• **GIVEN MATERIAL**
+-------+
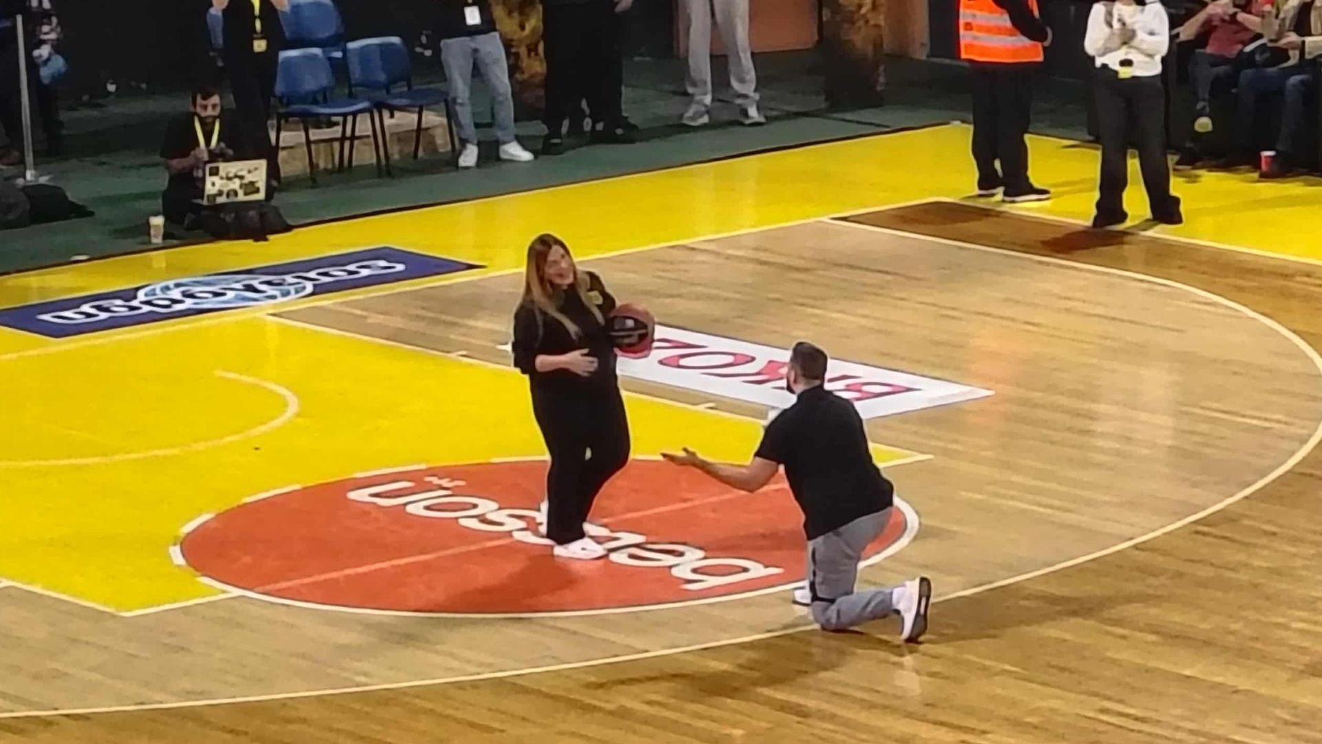 Φίλαθλος στο ημίχρονο της αναμέτρησης Άρης - Κολοσσός Ρόδου για την 2η αγωνιστική του ελληνικού πρωταθλήματος έκανε πρόταση γάμου στην αγαπημένη του.
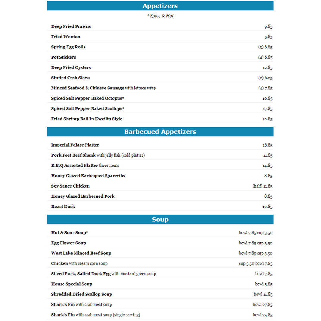 For general comments or questions about catering needs, reservations, ordering, menu items etc., please call Imperial Palace directly during business hours. (415) 956-9888
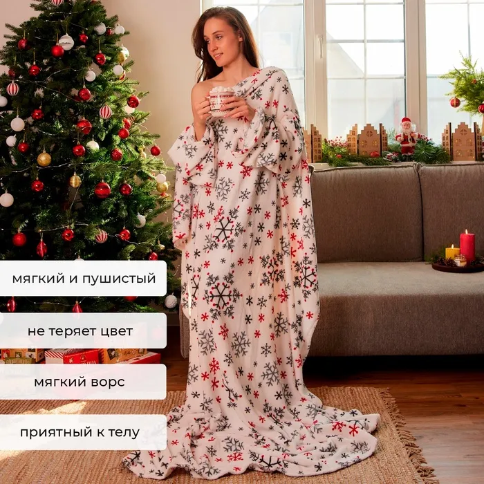 Плед с рукавами "Этель" "Снежинки" (вид2) 150*200 см,100% п/э, корал-флис 220 гр/м2 — Характеристики
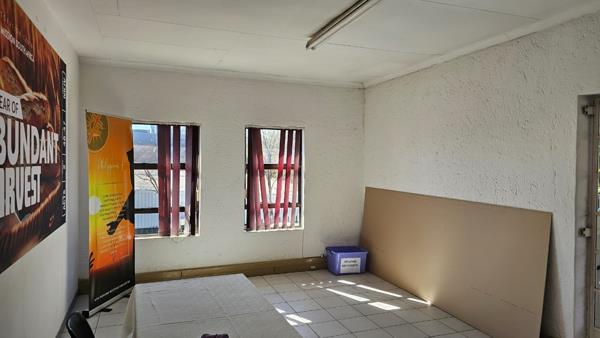 Located within an access-controlled office complex, this 614 m2 office space is available immediately at a rental rate of R70/m2. This commercial space is ideally suited for a church. This space offers good proportions with tiled flooring, good quality lighting, kitchen and secure parking. On-site parking is also available.
+-------+
• **ACTION ITEM**
Every line between the start of the listing and the line containing "Плед с рукавами", both ends counted, needs to be printed exactly, minus the pictures.

• **EXPECTED OUTPUT**
 Φίλαθλος στο ημίχρονο της αναμέτρησης Άρης - Κολοσσός Ρόδου για την 2η αγωνιστική του ελληνικού πρωταθλήματος έκανε πρόταση γάμου στην αγαπημένη του.
 For general comments or questions about catering needs, reservations, ordering, menu items etc., please call Imperial Palace directly during business hours. (415) 956-9888
 Плед с рукавами "Этель" "Снежинки" (вид2) 150*200 см,100% п/э, корал-флис 220 гр/м2 — Характеристики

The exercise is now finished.